Work task
Could the listing below be reproduced exactly, minus its pictures?

Data provided
---+---
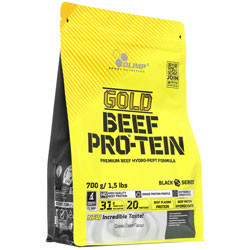 مکمل غذایی گلد بیف پروتئین، پروتئین غلیظ شده به شکل پودر همراه با شیرین کننده، یک ترکیب کامل از منابع آمینو اسید های مشتق شده از پروتئین های پلاسمای گوشت گاو با کیفیت بالا و پروتئین گوشت گاو هیدرولیز شده است. تحقیقات نشان داده که این پروتئین به رشد و نگهداری عضلات کمک میکند. این محصول برای بزرگسالانی که خواستار افزایش پروتئین هستند در نظر گرفته شده است و کسانی که مایل به افزایش حجم عضلات هستند به خصوص برای ورزشکاران و کسانی که از لحاظ فیزیکی فعال هستند.
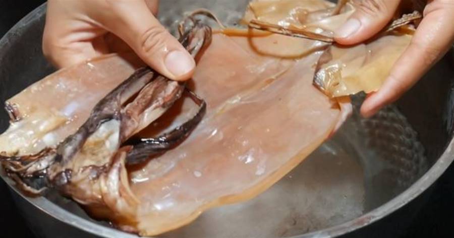 時間到后再用清水沖洗幾遍就可以了,這樣泡發過的魷魚更加鮮嫩,而且泡發的又軟又蓬松,一點腥味都沒有。
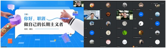1027日晚上19:00,“你好,职涯!做自己的长期主义者”主题讲座通过线上会议形式开展,主讲嘉宾为中国科学院大学心理健康教育中心的葛怡老师。葛怡老师分析了2022大学生就业力调研报告,介绍了毕业生的就业去向及就业期待,帮助同学们了解在不同的年龄段如何合理规划自己的职业生涯,并提出要学会调节自己的就业情绪。最后,葛怡老师解释了如何做个人的长期主义者,分享了一些求职技巧,并对参会同学的提问作出解答。
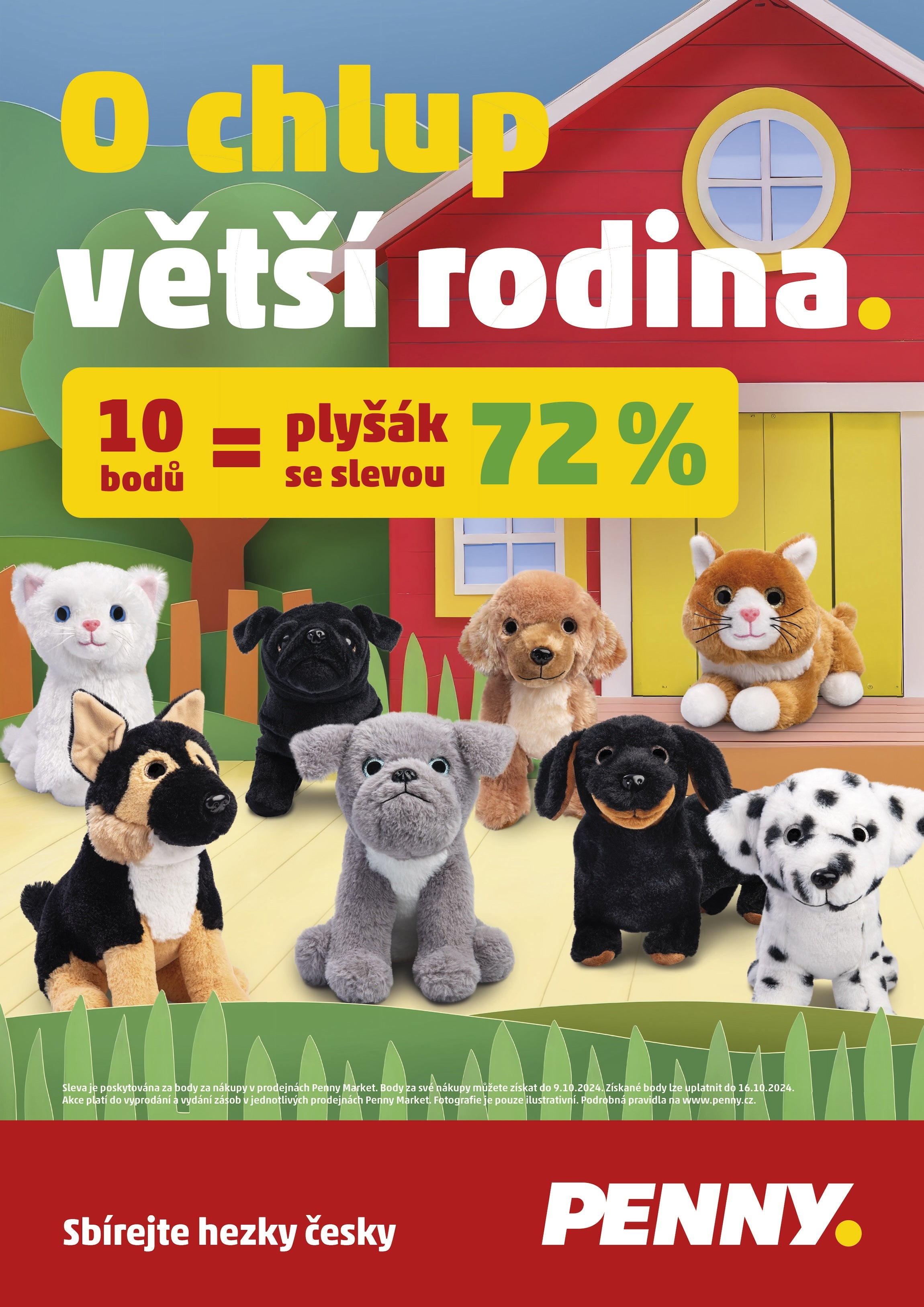 PENNY spouští novou věrnostní kampaň s názvem “O chlup větší rodina.” Rexík, Alík, Micinka, Hugo, Fousek, Haryk, Beník a Piškot, těchto 8 plyšových zvířátek je součástí jedinečné kolekce, kterou lze pořídit se slevou 72 %. Kampaň potrvá od 22. srpna do 9. října 2024.
---+---
Result of the exercise
 مکمل غذایی گلد بیف پروتئین، پروتئین غلیظ شده به شکل پودر همراه با شیرین کننده، یک ترکیب کامل از منابع آمینو اسید های مشتق شده از پروتئین های پلاسمای گوشت گاو با کیفیت بالا و پروتئین گوشت گاو هیدرولیز شده است. تحقیقات نشان داده که این پروتئین به رشد و نگهداری عضلات کمک میکند. این محصول برای بزرگسالانی که خواستار افزایش پروتئین هستند در نظر گرفته شده است و کسانی که مایل به افزایش حجم عضلات هستند به خصوص برای ورزشکاران و کسانی که از لحاظ فیزیکی فعال هستند.
 時間到后再用清水沖洗幾遍就可以了,這樣泡發過的魷魚更加鮮嫩,而且泡發的又軟又蓬松,一點腥味都沒有。
1027日晚上19:00,“你好,职涯!做自己的长期主义者”主题讲座通过线上会议形式开展,主讲嘉宾为中国科学院大学心理健康教育中心的葛怡老师。葛怡老师分析了2022大学生就业力调研报告,介绍了毕业生的就业去向及就业期待,帮助同学们了解在不同的年龄段如何合理规划自己的职业生涯,并提出要学会调节自己的就业情绪。最后,葛怡老师解释了如何做个人的长期主义者,分享了一些求职技巧,并对参会同学的提问作出解答。
 PENNY spouští novou věrnostní kampaň s názvem “O chlup větší rodina.” Rexík, Alík, Micinka, Hugo, Fousek, Haryk, Beník a Piškot, těchto 8 plyšových zvířátek je součástí jedinečné kolekce, kterou lze pořídit se slevou 72 %. Kampaň potrvá od 22. srpna do 9. října 2024.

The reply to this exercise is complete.